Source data

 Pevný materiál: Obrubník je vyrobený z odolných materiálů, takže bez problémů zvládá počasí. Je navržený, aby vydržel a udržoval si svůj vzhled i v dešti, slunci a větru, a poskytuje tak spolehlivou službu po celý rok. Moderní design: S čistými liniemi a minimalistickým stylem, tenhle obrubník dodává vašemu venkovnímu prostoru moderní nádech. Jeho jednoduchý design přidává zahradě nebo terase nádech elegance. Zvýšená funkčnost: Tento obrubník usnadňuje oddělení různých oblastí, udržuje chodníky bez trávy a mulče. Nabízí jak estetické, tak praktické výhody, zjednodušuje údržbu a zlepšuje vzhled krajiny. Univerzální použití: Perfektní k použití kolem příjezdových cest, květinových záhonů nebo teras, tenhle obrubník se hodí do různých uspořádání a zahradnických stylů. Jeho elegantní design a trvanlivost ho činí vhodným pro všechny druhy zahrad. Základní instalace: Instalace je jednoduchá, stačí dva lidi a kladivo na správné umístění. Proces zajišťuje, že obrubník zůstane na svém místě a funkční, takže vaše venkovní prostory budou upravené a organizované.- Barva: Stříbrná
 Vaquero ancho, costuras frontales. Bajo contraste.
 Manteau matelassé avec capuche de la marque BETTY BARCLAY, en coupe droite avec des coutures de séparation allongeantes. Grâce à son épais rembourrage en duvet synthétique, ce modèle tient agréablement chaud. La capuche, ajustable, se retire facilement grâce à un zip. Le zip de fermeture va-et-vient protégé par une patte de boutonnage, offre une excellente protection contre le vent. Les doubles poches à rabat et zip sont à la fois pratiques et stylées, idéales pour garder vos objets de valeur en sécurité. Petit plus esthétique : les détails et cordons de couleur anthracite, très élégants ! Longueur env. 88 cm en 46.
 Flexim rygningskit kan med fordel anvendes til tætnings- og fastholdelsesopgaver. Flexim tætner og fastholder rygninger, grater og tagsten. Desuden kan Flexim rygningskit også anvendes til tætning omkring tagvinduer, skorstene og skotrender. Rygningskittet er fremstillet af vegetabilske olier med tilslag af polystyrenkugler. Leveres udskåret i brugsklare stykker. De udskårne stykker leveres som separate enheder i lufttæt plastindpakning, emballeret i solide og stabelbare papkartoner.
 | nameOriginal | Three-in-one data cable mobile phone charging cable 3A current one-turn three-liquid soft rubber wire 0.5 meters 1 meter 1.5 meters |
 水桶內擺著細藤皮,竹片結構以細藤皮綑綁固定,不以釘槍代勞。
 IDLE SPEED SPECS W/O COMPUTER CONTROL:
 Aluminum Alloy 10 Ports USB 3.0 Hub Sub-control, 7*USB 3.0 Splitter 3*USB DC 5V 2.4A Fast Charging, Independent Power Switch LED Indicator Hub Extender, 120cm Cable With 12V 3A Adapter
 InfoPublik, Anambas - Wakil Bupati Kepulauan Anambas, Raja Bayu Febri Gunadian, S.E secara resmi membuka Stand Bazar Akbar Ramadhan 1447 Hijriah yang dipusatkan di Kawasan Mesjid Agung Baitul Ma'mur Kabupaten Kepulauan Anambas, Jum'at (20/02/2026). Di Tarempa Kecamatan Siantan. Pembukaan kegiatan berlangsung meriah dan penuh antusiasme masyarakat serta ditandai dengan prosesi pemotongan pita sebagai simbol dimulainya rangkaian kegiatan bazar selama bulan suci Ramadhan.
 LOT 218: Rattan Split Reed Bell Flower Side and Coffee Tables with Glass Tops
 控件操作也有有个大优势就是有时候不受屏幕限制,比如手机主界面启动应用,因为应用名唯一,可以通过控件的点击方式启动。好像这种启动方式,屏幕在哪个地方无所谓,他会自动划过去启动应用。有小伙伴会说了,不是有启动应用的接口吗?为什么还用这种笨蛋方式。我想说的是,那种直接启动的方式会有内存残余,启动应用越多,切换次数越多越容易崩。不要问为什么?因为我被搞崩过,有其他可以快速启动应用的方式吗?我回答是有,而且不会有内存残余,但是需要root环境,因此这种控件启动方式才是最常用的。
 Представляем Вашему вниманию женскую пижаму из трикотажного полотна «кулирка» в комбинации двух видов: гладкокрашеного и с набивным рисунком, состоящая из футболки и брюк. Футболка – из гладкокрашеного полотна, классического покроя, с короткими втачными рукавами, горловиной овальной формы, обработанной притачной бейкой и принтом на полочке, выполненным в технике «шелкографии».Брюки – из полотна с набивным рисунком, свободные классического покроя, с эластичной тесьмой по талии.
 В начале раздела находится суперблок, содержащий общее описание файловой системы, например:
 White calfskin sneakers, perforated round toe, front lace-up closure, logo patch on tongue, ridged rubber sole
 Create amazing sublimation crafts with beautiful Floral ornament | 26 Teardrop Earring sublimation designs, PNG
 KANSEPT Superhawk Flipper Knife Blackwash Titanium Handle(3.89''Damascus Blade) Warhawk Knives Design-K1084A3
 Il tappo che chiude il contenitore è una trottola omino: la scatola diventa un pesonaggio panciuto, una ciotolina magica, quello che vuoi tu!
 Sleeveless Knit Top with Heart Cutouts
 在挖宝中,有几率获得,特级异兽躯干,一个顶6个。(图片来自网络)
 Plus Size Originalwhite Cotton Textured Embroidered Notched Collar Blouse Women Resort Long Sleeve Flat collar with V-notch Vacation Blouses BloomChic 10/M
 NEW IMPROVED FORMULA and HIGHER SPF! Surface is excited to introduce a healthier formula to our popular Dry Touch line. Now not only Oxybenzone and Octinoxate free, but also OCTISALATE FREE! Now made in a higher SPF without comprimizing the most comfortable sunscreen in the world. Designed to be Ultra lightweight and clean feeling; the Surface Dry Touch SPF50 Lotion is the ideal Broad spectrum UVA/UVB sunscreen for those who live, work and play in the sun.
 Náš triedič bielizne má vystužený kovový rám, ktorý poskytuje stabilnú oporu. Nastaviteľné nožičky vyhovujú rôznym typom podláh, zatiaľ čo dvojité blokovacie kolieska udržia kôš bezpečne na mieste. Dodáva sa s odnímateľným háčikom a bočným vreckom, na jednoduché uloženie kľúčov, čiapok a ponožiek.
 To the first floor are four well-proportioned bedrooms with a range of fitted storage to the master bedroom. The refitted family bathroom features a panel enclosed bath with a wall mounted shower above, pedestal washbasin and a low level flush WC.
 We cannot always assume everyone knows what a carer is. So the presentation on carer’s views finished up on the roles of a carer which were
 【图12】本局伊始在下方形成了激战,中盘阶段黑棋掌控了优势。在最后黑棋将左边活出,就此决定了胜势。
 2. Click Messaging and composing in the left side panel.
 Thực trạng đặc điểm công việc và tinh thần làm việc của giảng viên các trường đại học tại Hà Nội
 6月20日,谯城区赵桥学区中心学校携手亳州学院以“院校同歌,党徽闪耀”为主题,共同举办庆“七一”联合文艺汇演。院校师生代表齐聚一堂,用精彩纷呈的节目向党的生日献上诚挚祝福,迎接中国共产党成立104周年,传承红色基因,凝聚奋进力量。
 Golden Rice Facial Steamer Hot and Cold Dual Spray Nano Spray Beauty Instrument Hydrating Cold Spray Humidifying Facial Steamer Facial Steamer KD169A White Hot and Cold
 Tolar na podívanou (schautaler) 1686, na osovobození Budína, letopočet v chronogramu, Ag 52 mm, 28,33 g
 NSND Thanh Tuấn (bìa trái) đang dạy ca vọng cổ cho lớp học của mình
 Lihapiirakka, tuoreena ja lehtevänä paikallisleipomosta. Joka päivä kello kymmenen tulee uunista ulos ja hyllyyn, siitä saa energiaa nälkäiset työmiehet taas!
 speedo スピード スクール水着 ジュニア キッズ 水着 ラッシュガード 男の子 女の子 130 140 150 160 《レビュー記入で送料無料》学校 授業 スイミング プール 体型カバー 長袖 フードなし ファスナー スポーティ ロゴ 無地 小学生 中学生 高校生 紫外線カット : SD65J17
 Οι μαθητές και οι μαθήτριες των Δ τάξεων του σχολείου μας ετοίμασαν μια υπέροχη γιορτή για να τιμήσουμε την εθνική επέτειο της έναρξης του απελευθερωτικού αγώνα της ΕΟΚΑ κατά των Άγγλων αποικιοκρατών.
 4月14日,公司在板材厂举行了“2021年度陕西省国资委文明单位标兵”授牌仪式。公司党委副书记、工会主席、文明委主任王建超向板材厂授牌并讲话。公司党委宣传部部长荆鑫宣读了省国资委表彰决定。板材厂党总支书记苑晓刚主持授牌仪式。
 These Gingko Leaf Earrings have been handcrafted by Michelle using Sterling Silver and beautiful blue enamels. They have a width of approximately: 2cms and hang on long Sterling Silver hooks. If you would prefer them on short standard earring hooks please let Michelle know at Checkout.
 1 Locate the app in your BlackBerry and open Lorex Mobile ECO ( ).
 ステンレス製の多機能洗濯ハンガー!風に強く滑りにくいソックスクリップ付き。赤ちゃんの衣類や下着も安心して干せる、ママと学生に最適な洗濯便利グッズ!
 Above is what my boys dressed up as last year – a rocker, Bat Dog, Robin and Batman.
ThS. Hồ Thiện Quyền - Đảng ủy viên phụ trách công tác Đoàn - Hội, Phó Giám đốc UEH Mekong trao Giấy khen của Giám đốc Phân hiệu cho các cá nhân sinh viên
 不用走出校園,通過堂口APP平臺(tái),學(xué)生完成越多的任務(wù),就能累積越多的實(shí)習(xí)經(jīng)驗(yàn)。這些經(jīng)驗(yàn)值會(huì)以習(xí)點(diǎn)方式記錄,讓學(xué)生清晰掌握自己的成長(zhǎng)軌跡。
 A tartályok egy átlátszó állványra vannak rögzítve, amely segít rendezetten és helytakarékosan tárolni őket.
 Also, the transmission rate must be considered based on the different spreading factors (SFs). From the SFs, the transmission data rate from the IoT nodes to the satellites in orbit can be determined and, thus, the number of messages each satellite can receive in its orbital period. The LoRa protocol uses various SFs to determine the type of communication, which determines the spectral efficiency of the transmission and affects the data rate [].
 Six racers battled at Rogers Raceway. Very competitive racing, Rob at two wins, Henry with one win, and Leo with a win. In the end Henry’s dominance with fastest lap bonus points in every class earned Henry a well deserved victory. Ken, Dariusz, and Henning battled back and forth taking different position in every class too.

Task brief — Please return all lines above in which the string "rubber" is found.

Response box —
 | nameOriginal | Three-in-one data cable mobile phone charging cable 3A current one-turn three-liquid soft rubber wire 0.5 meters 1 meter 1.5 meters |
 White calfskin sneakers, perforated round toe, front lace-up closure, logo patch on tongue, ridged rubber sole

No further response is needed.